(What is expected): Each line of the data must be given back verbatim, with pictures removed.

(Data section):
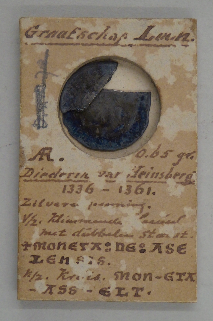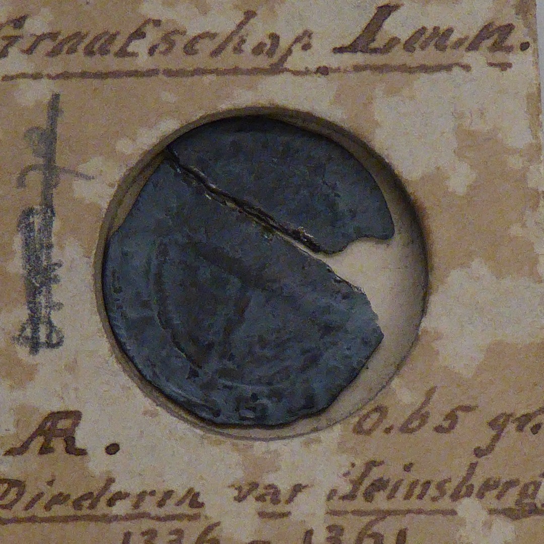 Munt Diederick van Heinsberg (1336-1361), halve klimmende leeuw met dubbele staart, kz. kruis
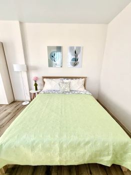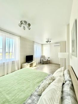 Квартира полностью меблирована и оборудована всем необходимым для комфортного проживания. В ней есть удобная двуспальная кровать с ортопедическим матрасом, односпальный диван. Интерьер квартиры выполнен в современном стиле с использованием приятных и теплых оттенков.
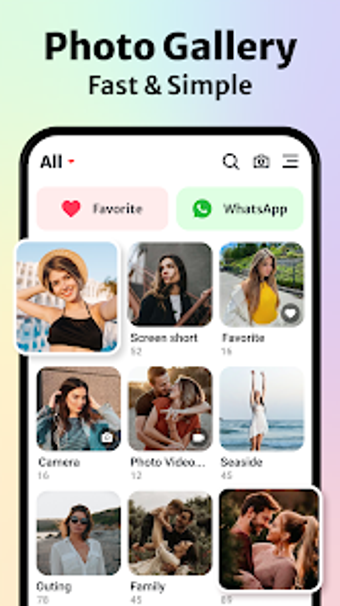 De app biedt ook unieke functies zoals het maken van statusupdates en het instellen van afbeeldingen als achtergrond. Gebruikers kunnen eenvoudig de details van hun foto's en video's bekijken, wat bijdraagt aan een georganiseerde ervaring. Gallery - Photo Album is ideaal voor diegenen die op zoek zijn naar een alles-in-één oplossing voor hun fotografiebehoeften op mobiele apparaten.
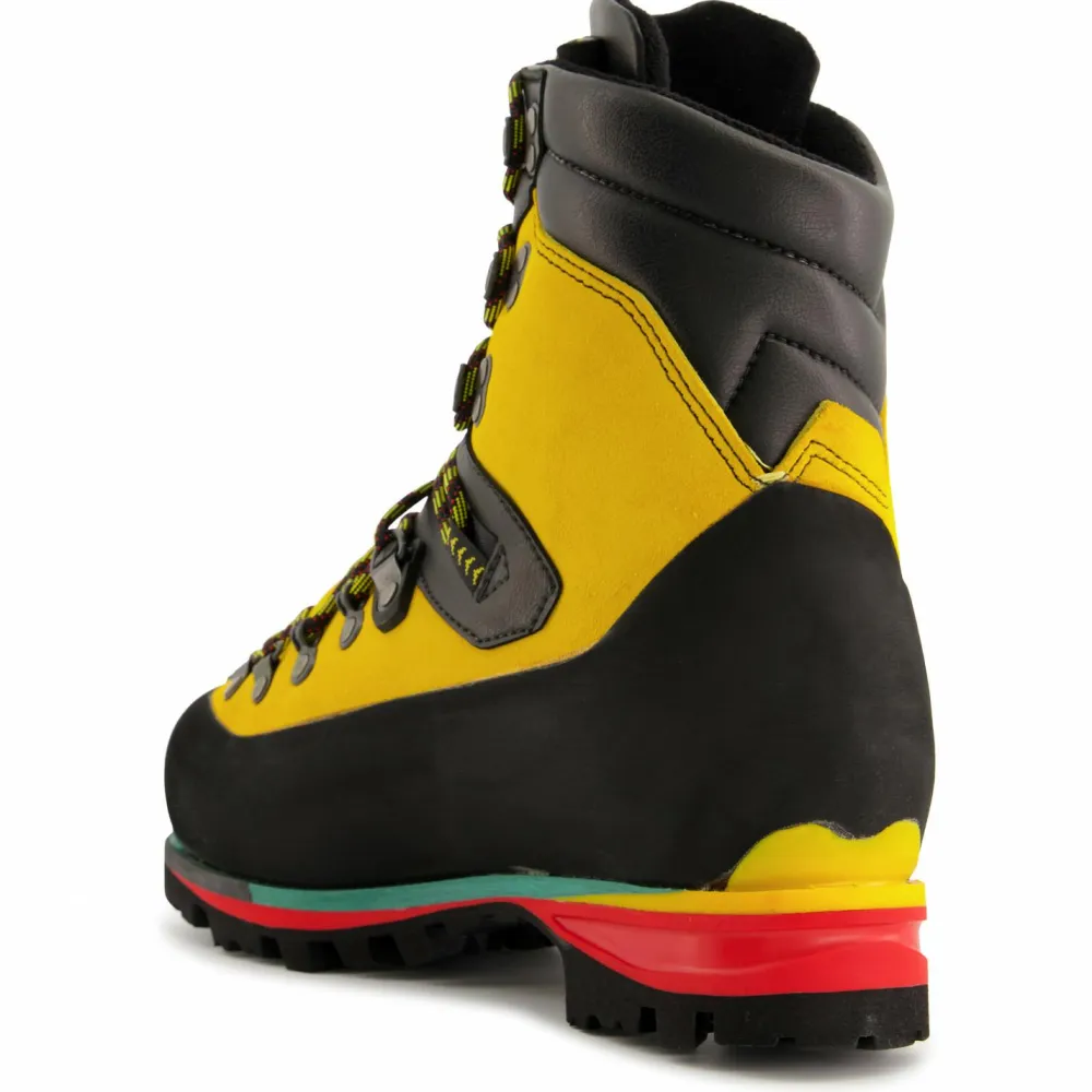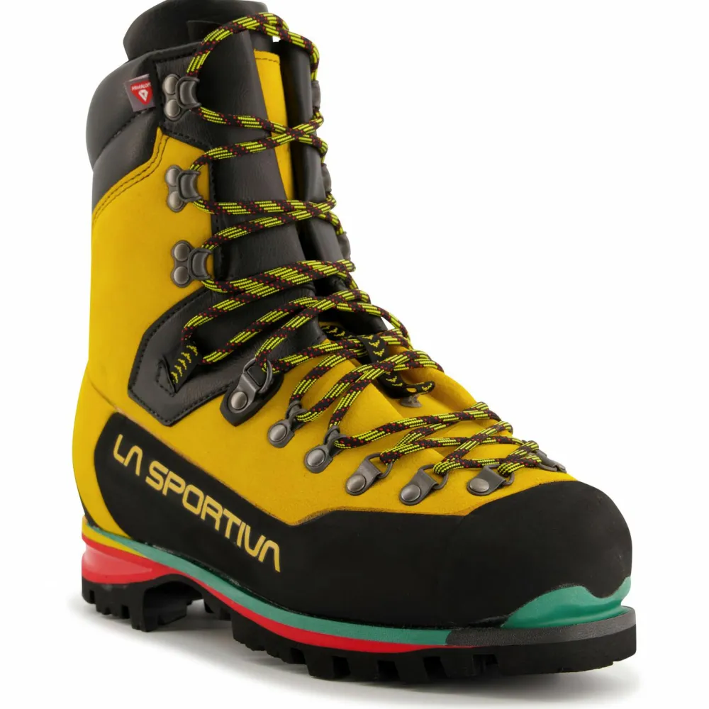 Die Nepal Extreme von La Sportiva sind isolierte und voll steigeisentaugliche Bergstiefel für anspruchsvolles Terrain im Hochgebirge und Eis.Außen bestehen sie aus wasserabweisendem Idro-Perwanger Leder, welches durch einen breiten Geröllschutzrand vor Abrieb und Beschädigungen geschützt wird.Das Futter aus Synergy Primaloft sorgt für die nötige Isolierung in kalten Gefilden. Dieses punktet mit einem tollen Gewicht-Wärme-Verhältnis, ist wasserabweisend und schnelltrocknend und leitet Fußschweiß zuverlässig nach außen. So bleiben die Füße trocken und warm.Für die nötige Wärme von unten hat La Sportiva eine 9 mm dicke Ibi-Thermo Brandsohle verarbeitet.Außen sorgt eine grobstollige Vibramsohle für perfekten Halt. Das integrierte Impact Brake System unterstützt das Bremsen beim bergab gehen und hat aufgrund der besonderen Anordnung der Noppen eine angenehm dämpfende und gelenkschonende Wirkung.Die EZ-Out Zugschlaufe ermöglicht das Öffnen der Schnürklemmen mit einem einzigen Handgriff.Mit den Nepal Extreme fühlt man sich im Hochgebirge zu Hause.

(Answer box):
 Munt Diederick van Heinsberg (1336-1361), halve klimmende leeuw met dubbele staart, kz. kruis
 Квартира полностью меблирована и оборудована всем необходимым для комфортного проживания. В ней есть удобная двуспальная кровать с ортопедическим матрасом, односпальный диван. Интерьер квартиры выполнен в современном стиле с использованием приятных и теплых оттенков.
 De app biedt ook unieke functies zoals het maken van statusupdates en het instellen van afbeeldingen als achtergrond. Gebruikers kunnen eenvoudig de details van hun foto's en video's bekijken, wat bijdraagt aan een georganiseerde ervaring. Gallery - Photo Album is ideaal voor diegenen die op zoek zijn naar een alles-in-één oplossing voor hun fotografiebehoeften op mobiele apparaten.
 Die Nepal Extreme von La Sportiva sind isolierte und voll steigeisentaugliche Bergstiefel für anspruchsvolles Terrain im Hochgebirge und Eis.Außen bestehen sie aus wasserabweisendem Idro-Perwanger Leder, welches durch einen breiten Geröllschutzrand vor Abrieb und Beschädigungen geschützt wird.Das Futter aus Synergy Primaloft sorgt für die nötige Isolierung in kalten Gefilden. Dieses punktet mit einem tollen Gewicht-Wärme-Verhältnis, ist wasserabweisend und schnelltrocknend und leitet Fußschweiß zuverlässig nach außen. So bleiben die Füße trocken und warm.Für die nötige Wärme von unten hat La Sportiva eine 9 mm dicke Ibi-Thermo Brandsohle verarbeitet.Außen sorgt eine grobstollige Vibramsohle für perfekten Halt. Das integrierte Impact Brake System unterstützt das Bremsen beim bergab gehen und hat aufgrund der besonderen Anordnung der Noppen eine angenehm dämpfende und gelenkschonende Wirkung.Die EZ-Out Zugschlaufe ermöglicht das Öffnen der Schnürklemmen mit einem einzigen Handgriff.Mit den Nepal Extreme fühlt man sich im Hochgebirge zu Hause.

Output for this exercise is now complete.